Exercise brief: A verbatim copy of the records below, pictures omitted, is the task.

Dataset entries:
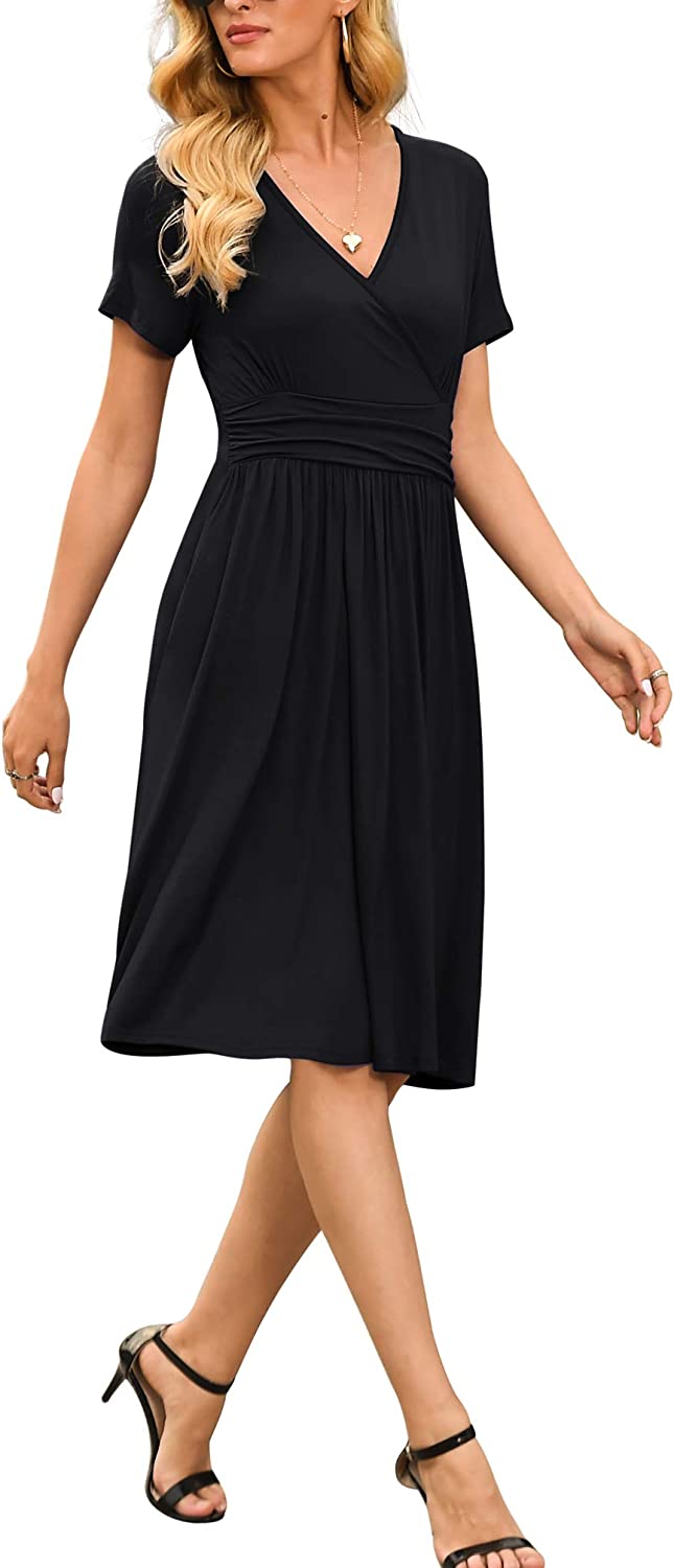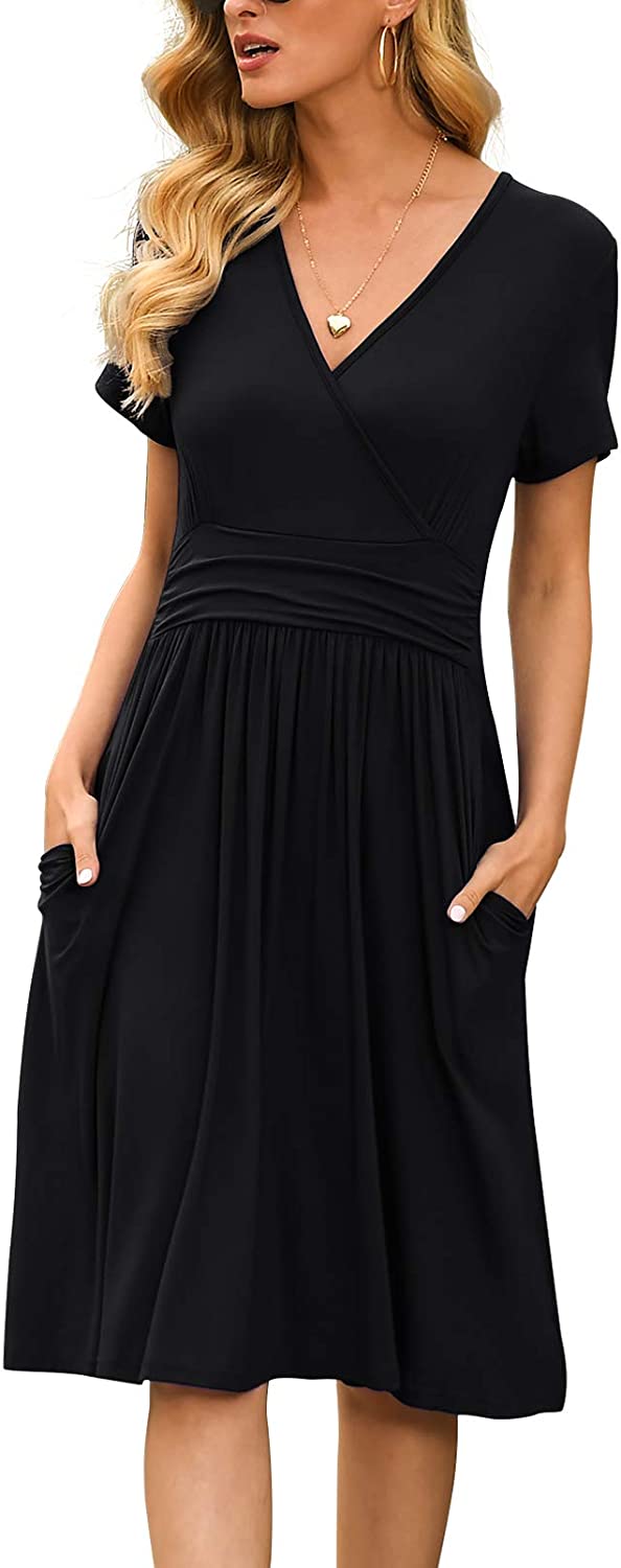 Women's Summer Casual Short Sleeve V-Neck Short Party Dress with Pockets
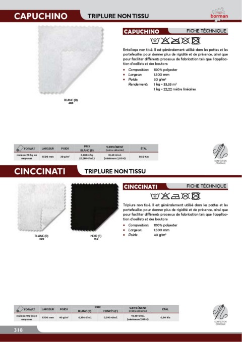 Triplure non tissé. Il est généralement utilisé dans les pattes et les
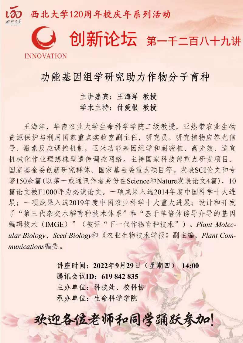 王海洋 教授 bat365正版唯一官网创新论坛第一千二百八十九讲暨120周年校庆年系列活动: 功能基因组学研究助力作物分子育种 讲座时间 2022年9月29日(星期四) 14:00 讲座地点 腾讯会议 619 842 835 讲座人介绍 王海洋 教授 讲座内容
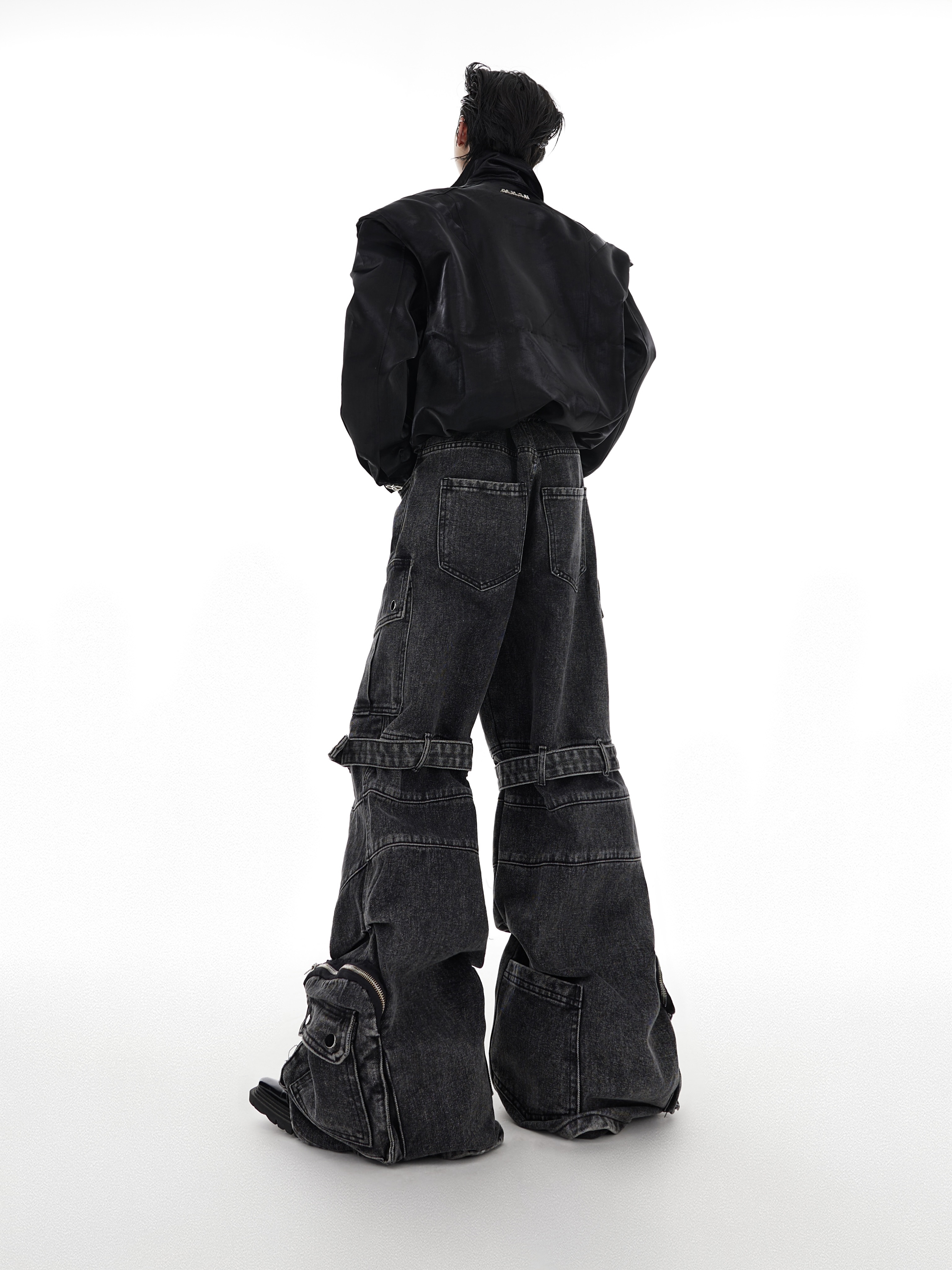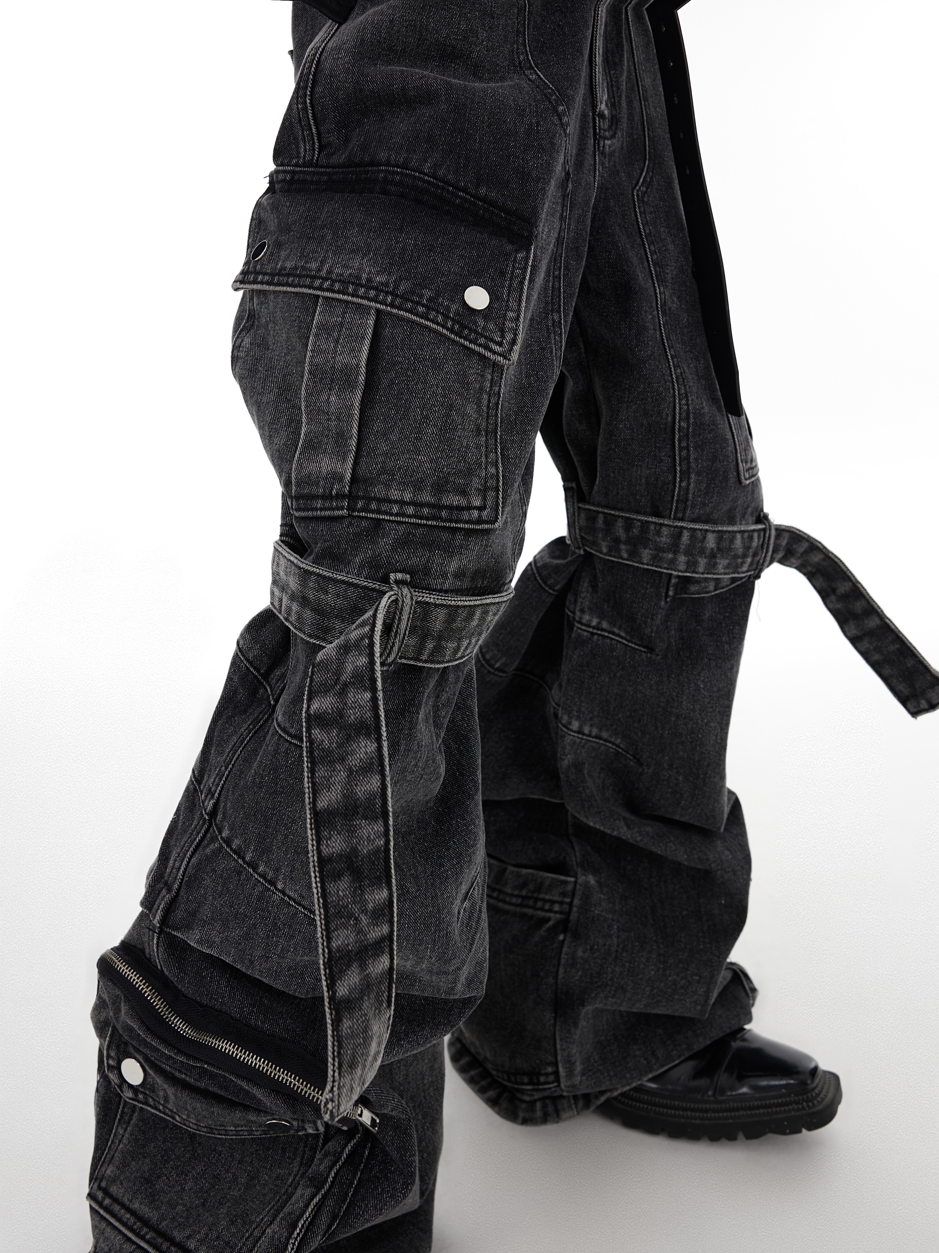 CulturE小众重磅水洗解构多口袋牛仔裤立体绑带设计感阔腿工装裤
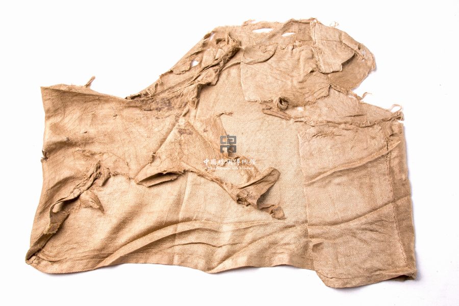 形状内容描述 该残片为褐色暗花绫,纹样为几何纹之回纹。二二错排。推断应为袍服一角。
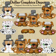 Questa collezione comprende dieci cuccioli di cane "festa di matrimonio": un testimone con pelliccia marrone, nera e bianca, un cappello a cilindro con un bel fiore e un piccolo cuscino con fedi nuziali dorate, una damigella d'onore con macchie bianche e nere, graziosi fiocchi per capelli e una rosa rosa, uno sposo con macchie marrone chiaro e marroni, un cappello a cilindro con un bel fiore, un papillon e un anello nuziale d'oro, una sposa con pelliccia marrone, un grazioso velo da sposa di perle, collana di perle, orecchini di perle , una bella rosa rosa e una fede nuziale con diamante, le zampe della sposa e dello sposo con le fedi nuziali, i cuccioli della sposa e dello sposo insieme e un testimone, damigella d'onore, sposa e sposo tutti insieme. Questo set contiene 7 grafici.
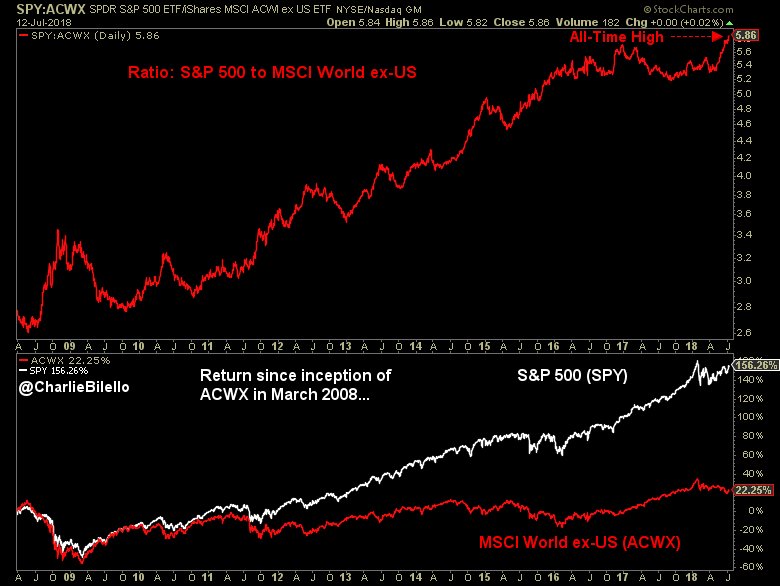 Ratio of US stocks to non-US stocks hits another all-time high. Huge gap in performance over past 10+ yrs

Reply to the exercise:
 Women's Summer Casual Short Sleeve V-Neck Short Party Dress with Pockets
 Triplure non tissé. Il est généralement utilisé dans les pattes et les
 王海洋 教授 bat365正版唯一官网创新论坛第一千二百八十九讲暨120周年校庆年系列活动: 功能基因组学研究助力作物分子育种 讲座时间 2022年9月29日(星期四) 14:00 讲座地点 腾讯会议 619 842 835 讲座人介绍 王海洋 教授 讲座内容
 CulturE小众重磅水洗解构多口袋牛仔裤立体绑带设计感阔腿工装裤
 形状内容描述 该残片为褐色暗花绫,纹样为几何纹之回纹。二二错排。推断应为袍服一角。
 Questa collezione comprende dieci cuccioli di cane "festa di matrimonio": un testimone con pelliccia marrone, nera e bianca, un cappello a cilindro con un bel fiore e un piccolo cuscino con fedi nuziali dorate, una damigella d'onore con macchie bianche e nere, graziosi fiocchi per capelli e una rosa rosa, uno sposo con macchie marrone chiaro e marroni, un cappello a cilindro con un bel fiore, un papillon e un anello nuziale d'oro, una sposa con pelliccia marrone, un grazioso velo da sposa di perle, collana di perle, orecchini di perle , una bella rosa rosa e una fede nuziale con diamante, le zampe della sposa e dello sposo con le fedi nuziali, i cuccioli della sposa e dello sposo insieme e un testimone, damigella d'onore, sposa e sposo tutti insieme. Questo set contiene 7 grafici.
 Ratio of US stocks to non-US stocks hits another all-time high. Huge gap in performance over past 10+ yrs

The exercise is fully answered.